* **PROBLEM DESCRIPTION**
The listing that follows should be copied in full and exactly, with no pictures.

* **DATASET EXTRACT**
_____
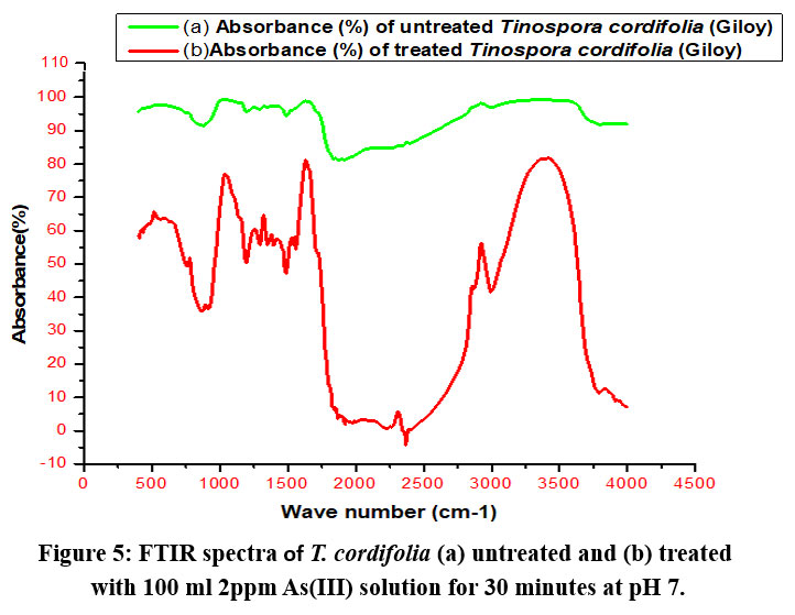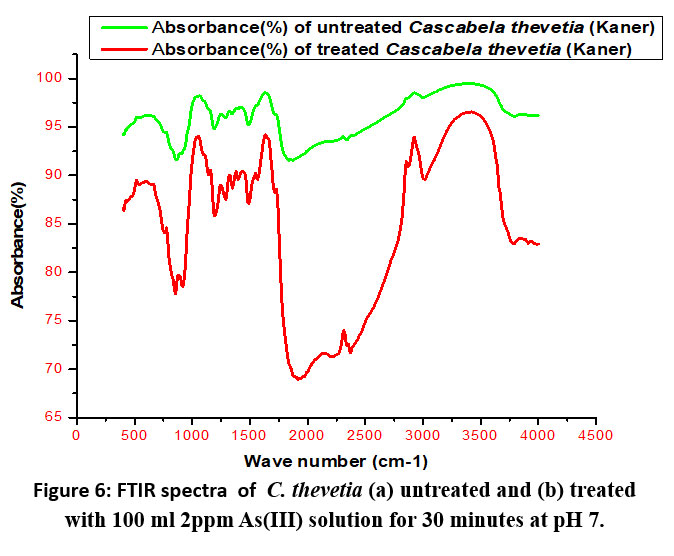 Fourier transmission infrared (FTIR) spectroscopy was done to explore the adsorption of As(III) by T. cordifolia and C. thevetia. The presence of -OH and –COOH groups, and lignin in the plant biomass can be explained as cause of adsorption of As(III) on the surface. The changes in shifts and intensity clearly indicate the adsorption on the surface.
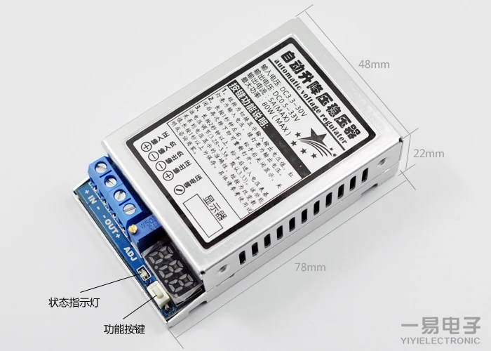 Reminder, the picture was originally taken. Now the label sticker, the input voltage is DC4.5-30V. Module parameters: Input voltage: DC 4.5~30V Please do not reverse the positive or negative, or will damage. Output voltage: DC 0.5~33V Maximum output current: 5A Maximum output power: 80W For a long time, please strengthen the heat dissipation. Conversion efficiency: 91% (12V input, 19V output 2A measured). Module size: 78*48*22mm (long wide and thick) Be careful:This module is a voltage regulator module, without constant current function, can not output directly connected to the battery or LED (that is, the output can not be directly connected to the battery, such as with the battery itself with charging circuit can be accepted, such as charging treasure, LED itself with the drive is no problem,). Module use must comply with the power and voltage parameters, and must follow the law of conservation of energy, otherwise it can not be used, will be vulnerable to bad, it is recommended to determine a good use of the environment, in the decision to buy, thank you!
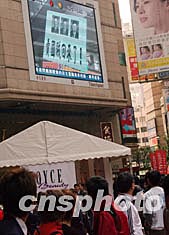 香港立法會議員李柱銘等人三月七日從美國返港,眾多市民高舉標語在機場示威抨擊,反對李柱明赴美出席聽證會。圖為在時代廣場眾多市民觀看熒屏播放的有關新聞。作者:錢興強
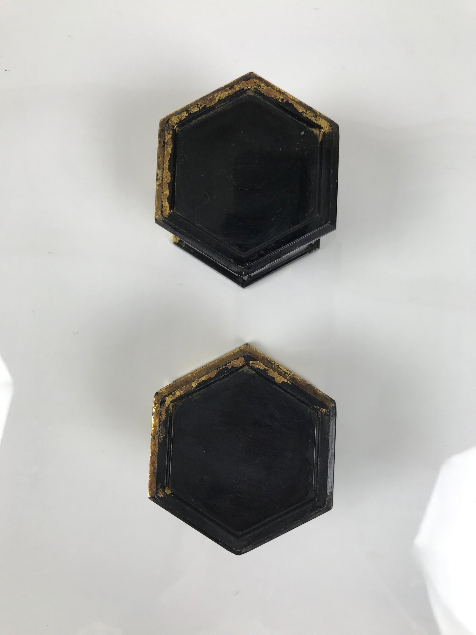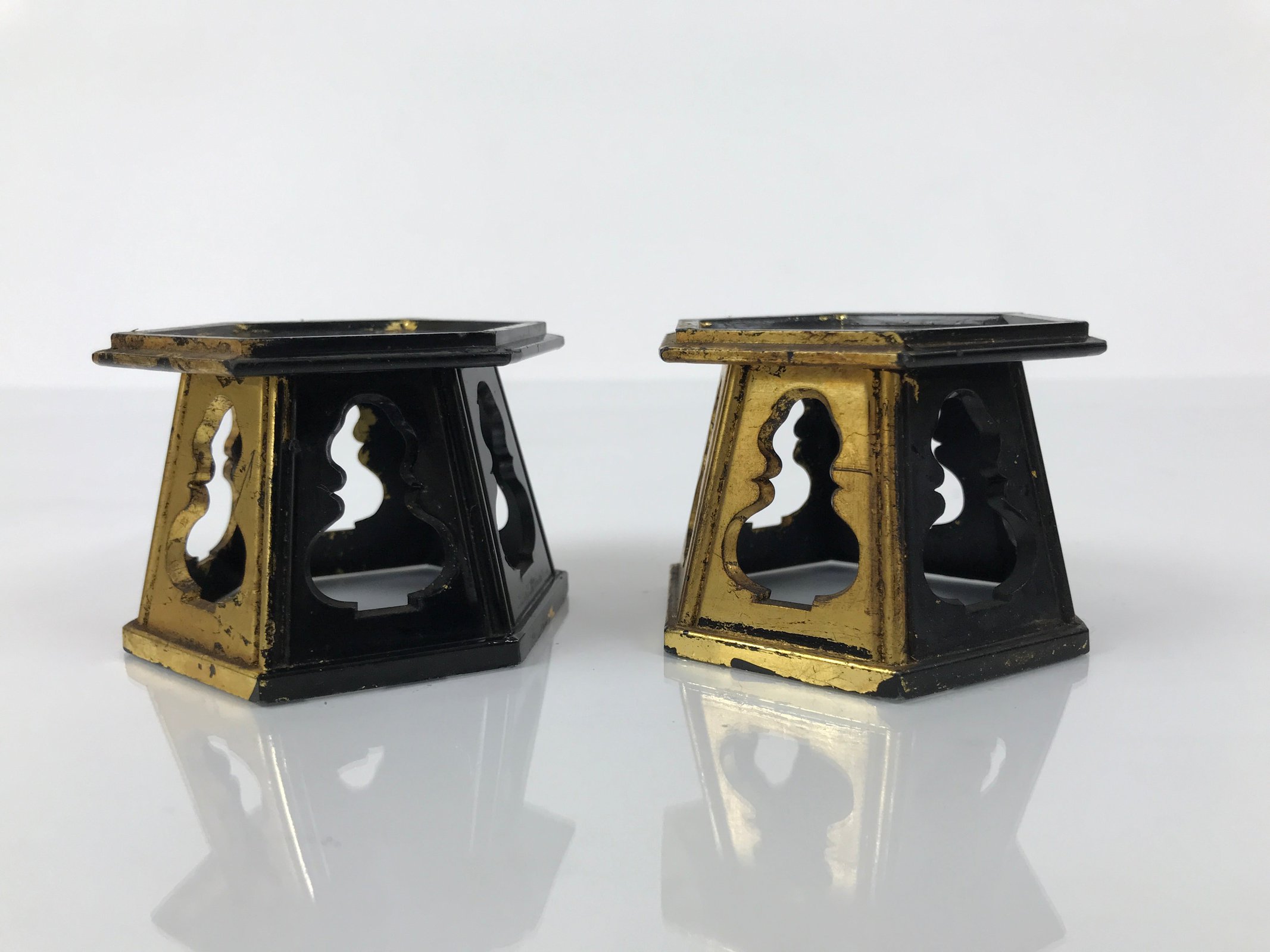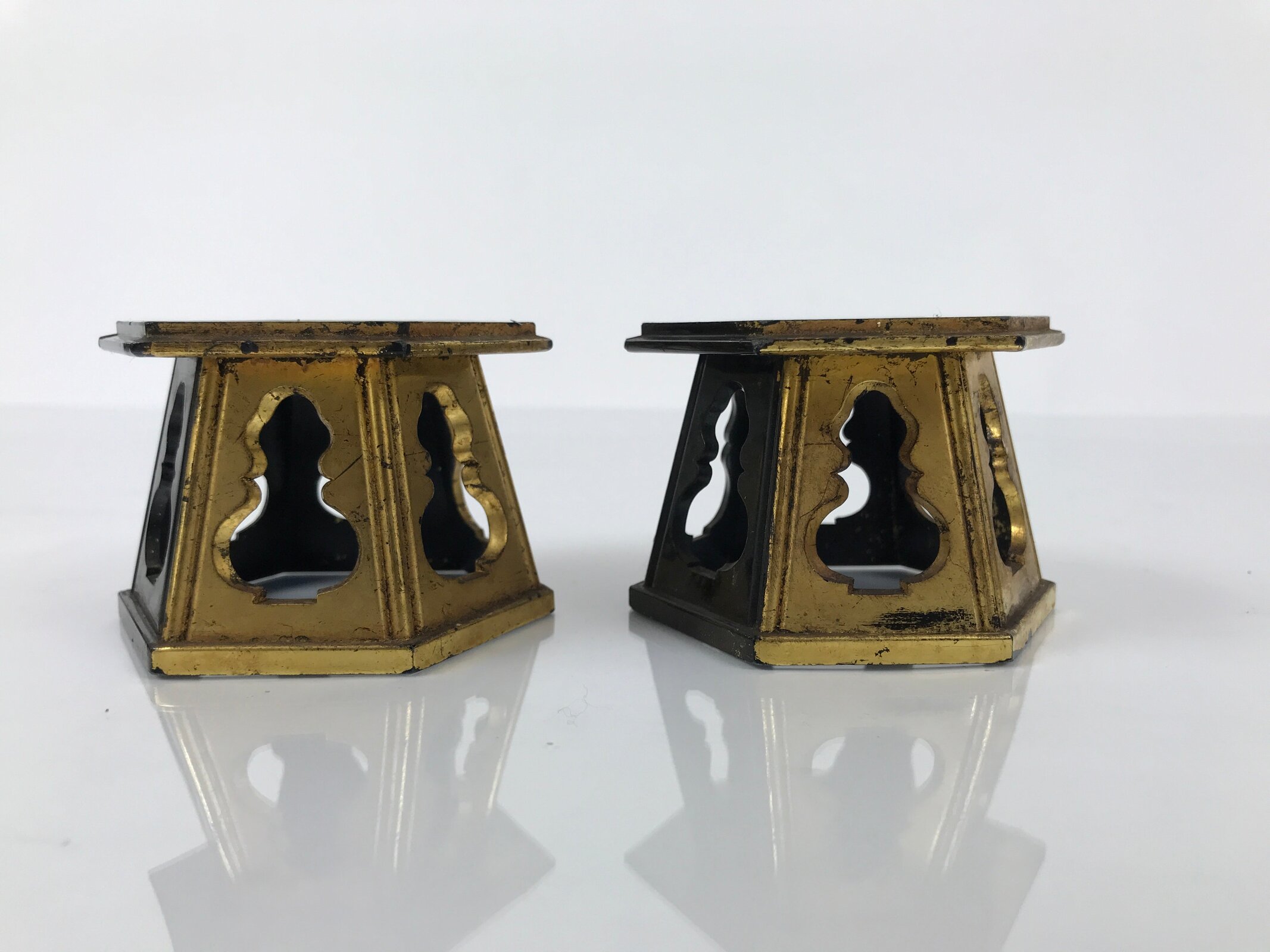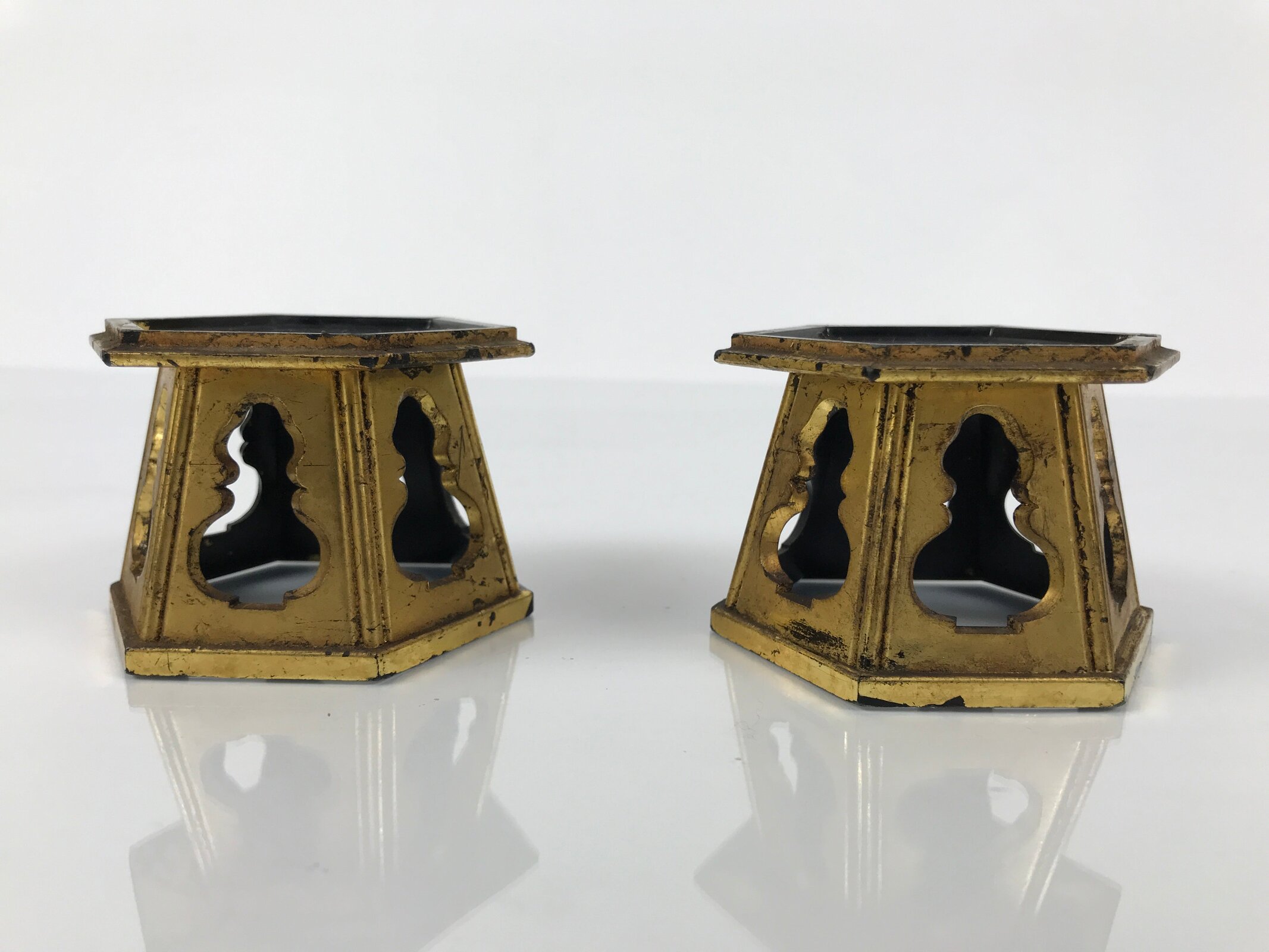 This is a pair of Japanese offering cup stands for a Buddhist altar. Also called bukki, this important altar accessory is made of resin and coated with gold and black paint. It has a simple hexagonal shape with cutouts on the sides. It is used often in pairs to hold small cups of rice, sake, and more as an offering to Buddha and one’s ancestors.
_____
* **PROBLEM SOLUTION**
 Fourier transmission infrared (FTIR) spectroscopy was done to explore the adsorption of As(III) by T. cordifolia and C. thevetia. The presence of -OH and –COOH groups, and lignin in the plant biomass can be explained as cause of adsorption of As(III) on the surface. The changes in shifts and intensity clearly indicate the adsorption on the surface.
 Reminder, the picture was originally taken. Now the label sticker, the input voltage is DC4.5-30V. Module parameters: Input voltage: DC 4.5~30V Please do not reverse the positive or negative, or will damage. Output voltage: DC 0.5~33V Maximum output current: 5A Maximum output power: 80W For a long time, please strengthen the heat dissipation. Conversion efficiency: 91% (12V input, 19V output 2A measured). Module size: 78*48*22mm (long wide and thick) Be careful:This module is a voltage regulator module, without constant current function, can not output directly connected to the battery or LED (that is, the output can not be directly connected to the battery, such as with the battery itself with charging circuit can be accepted, such as charging treasure, LED itself with the drive is no problem,). Module use must comply with the power and voltage parameters, and must follow the law of conservation of energy, otherwise it can not be used, will be vulnerable to bad, it is recommended to determine a good use of the environment, in the decision to buy, thank you!
 香港立法會議員李柱銘等人三月七日從美國返港,眾多市民高舉標語在機場示威抨擊,反對李柱明赴美出席聽證會。圖為在時代廣場眾多市民觀看熒屏播放的有關新聞。作者:錢興強
 This is a pair of Japanese offering cup stands for a Buddhist altar. Also called bukki, this important altar accessory is made of resin and coated with gold and black paint. It has a simple hexagonal shape with cutouts on the sides. It is used often in pairs to hold small cups of rice, sake, and more as an offering to Buddha and one’s ancestors.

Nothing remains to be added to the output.